Sin embargo, hay alguna esperanza para el oro. Un crecimiento económico más lento en los EE. UU. y una inflación controlada podrían proporcionar el entorno necesario para revertir la tendencia a la baja.

Seis meses después, cuando la economía se desacelere y la inflación baje, la Fed podría cambiar de opinión.

Un nivel técnico a tener en cuenta para los alcistas del oro es de 1.920 dólares la onza, Si podemos superar los 1.920 dólares, podemos subir mucho más. No considero una ruptura hasta que comencemos a cerrar por encima de eso. Estábamos en camino antes de la reunión de la Fed.

Datos importantes para la próxima semana

En el frente de los datos macro, las nóminas no agrícolas de EE. UU. de enero son la publicación clave a tener en cuenta la próxima semana. Las llamadas de consenso del mercado buscan que la economía de EE. UU. haya agregado 155,000 posiciones a medida que la ola de Omicron golpeó al país. La publicación está prevista para el viernes.

Los mercados también estarán monitoreando el ISM manufacturero PMI el martes y el ISM no manufacturero PMI el jueves.

Está claro que la ola de Omicron golpeó muy fuerte a la economía en diciembre según las cifras de gasto de los consumidores, y no esperamos mucha mejora, si es que hay alguna, en enero.

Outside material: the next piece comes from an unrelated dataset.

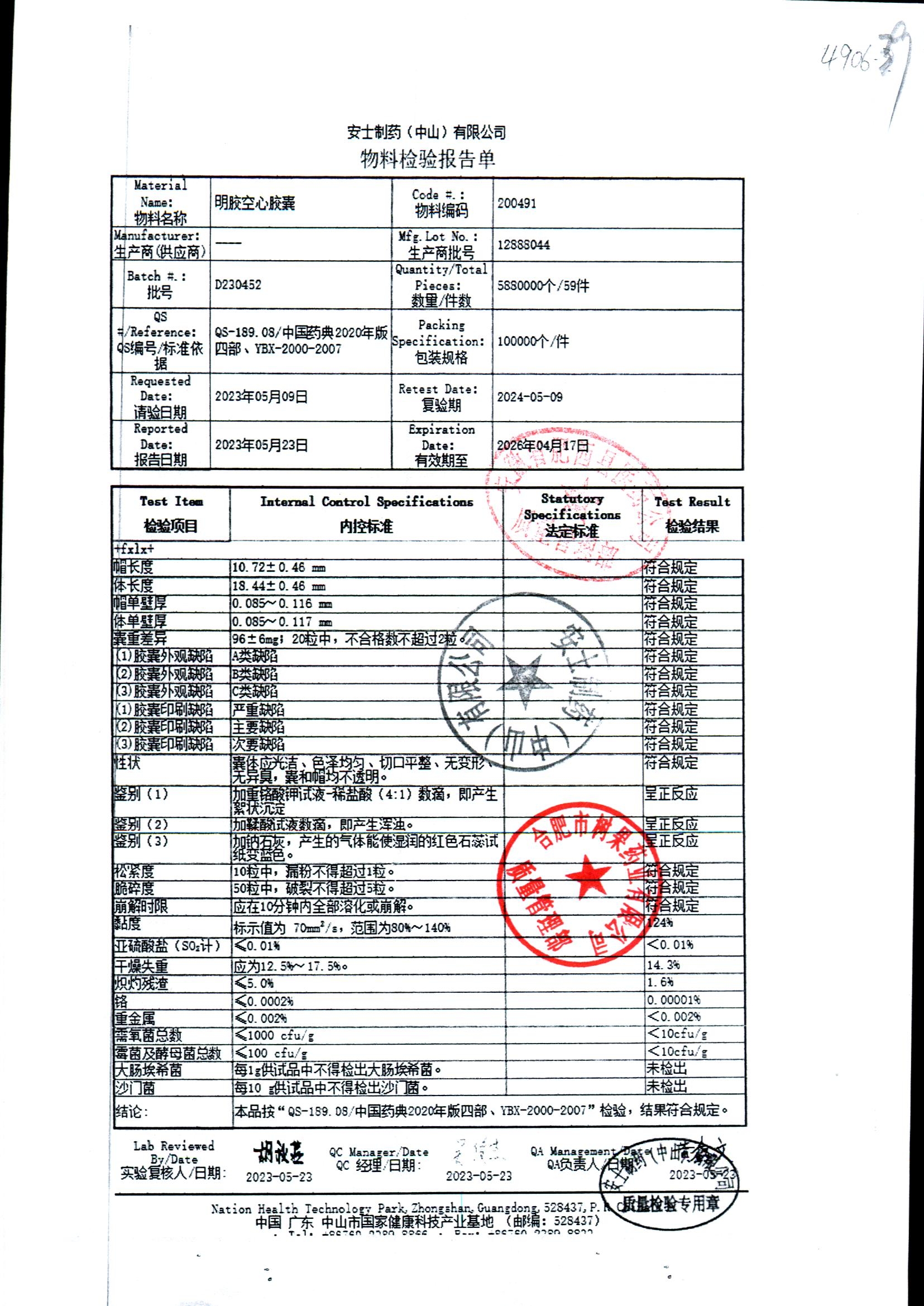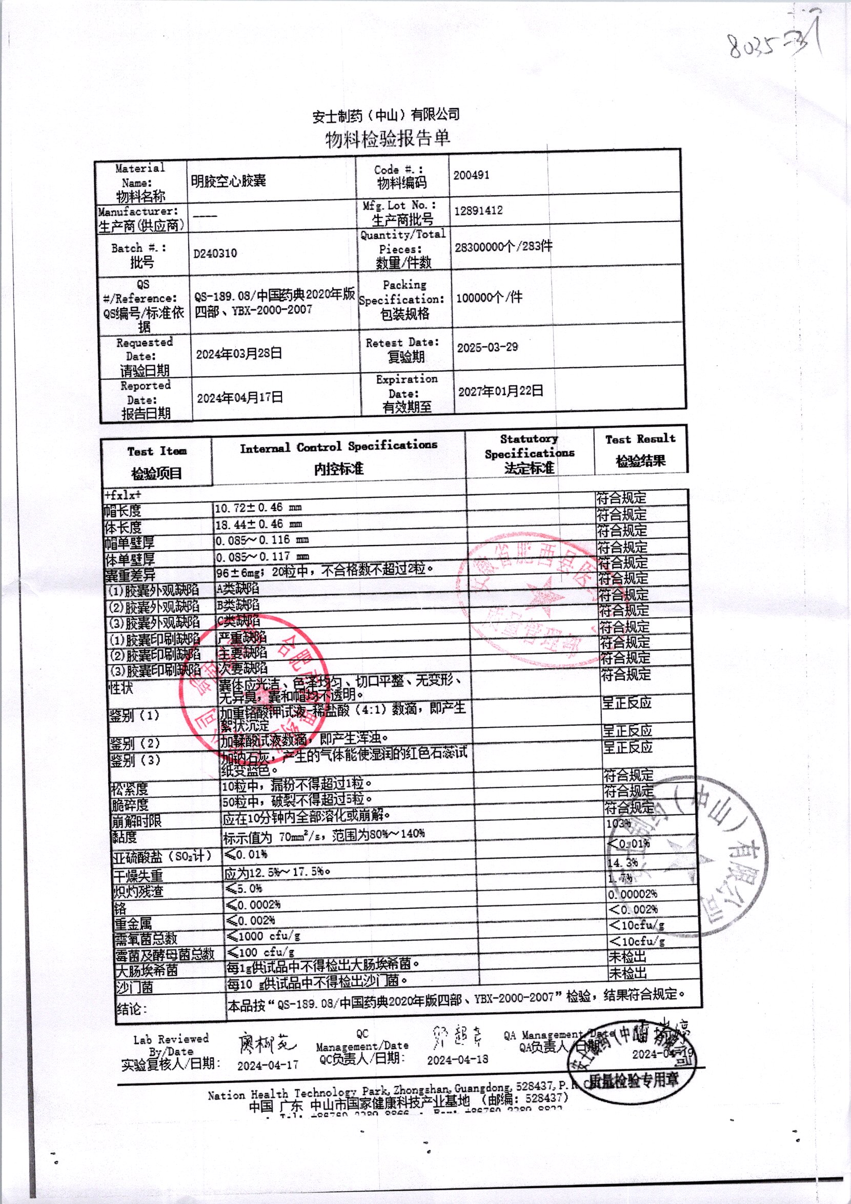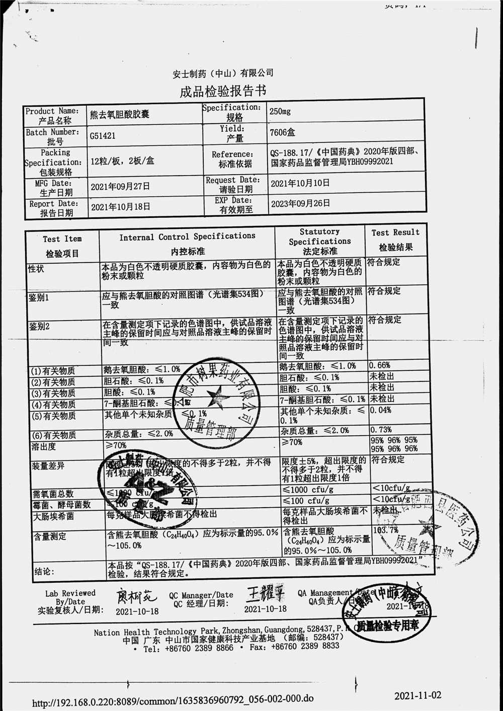 名称 | 规格 | 批号 | 药检报告 |

Por lo tanto, esperamos que el riesgo a la baja para las publicaciones del ISM de enero sea mayor. los costos y la cautela del consumidor pesan sobre las lecturas de actividad. Es probable que el informe de empleo de enero sea débil. Es probable que los riesgos sean a la baja dada la fuerte caída en la actividad y las solicitudes de desempleo más altas de lo esperado desde que golpeó la ola de Omicron».